| |
Other
Utilities
Text analyser
A text analysis utility has also been bundled with
Akhar, which is a very useful tool for researchers
working in fields of computational linguistics,
translation, natural language processing, text
processing, lexicography, optical character recognition,
information retrieval systems, speech recognition etc.
It performs quantitative analysis of text and generates
word-frequency lists, character frequency lists,
concordances and other statistics such as count of
running words and unique in a text, token by type ratio,
mean word length, percentage frequency of each word
length etc. These statistics have applications in
linguistic and stylistic analysis. As proposed by one of
the researcher, counts of the number of words of various
lengths (one-letter words, two-letter words, and so on)
could be graphed to produce a consistent fingerprint for
a writer -- as long as the samples were sufficiently
large. A comparison of novels written by the same author
shows few and small differences in word lengths while
the comparison of the word lengths of novels written by
different authors shows significant differences.
Automatic statistical routines are applied to very large
bodies of text to uncover the facts about language that
no amount of manual searching could reveal. Computer
analysis of electronic texts can make it easy to answer
a series of questions that otherwise can be answered
only by intuition, guess, or uncommonly mind-numbing
research. The ten most frequently occurring words in Sri
Guru Granth Sahib are displayed below.

Some of the main features of the text analysis utility
are:
-
It performs quantitative analysis
of text and generates word-frequency lists,
character frequency lists and other statistics such
as count of running words and unique in a text,
token by type ratio, mean word length, percentage
frequency of each word length etc.
-
It can analyse the text encoded
in UNICODE/ISCII or font encoded files stored in
RTF/DOC/HTML formats as well as plain text files.
Multiple files can also be selected
-
The word lists can be displayed
on alphabetical order, occurance in text, frequency
and word length.

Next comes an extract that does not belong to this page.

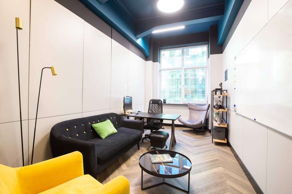 Дизайнерский ремонт: офис оформлен по индивидуальному проекту с использованием премиум-материалов.

They can also be arranged in
ascending or descending order.
-
It can analyse both English and
Punjabi text and arrange the words in alphabetic
order according to the text’s language. The Punjabi
text, if font encoded, could be encoded in any of
the popular font.
-
A concordance utility has also
been provided (Fig. 6), which can prove very useful
for context analysis. The user can search for any
word in a document and all the occurrences of the
word will be displayed in KWIC (Key Word in Context)
format, where the main word is highlighted placed in
centre along with its neighbouring text.
-
The frequency lists and
statistics can be stored for future reference.
|
|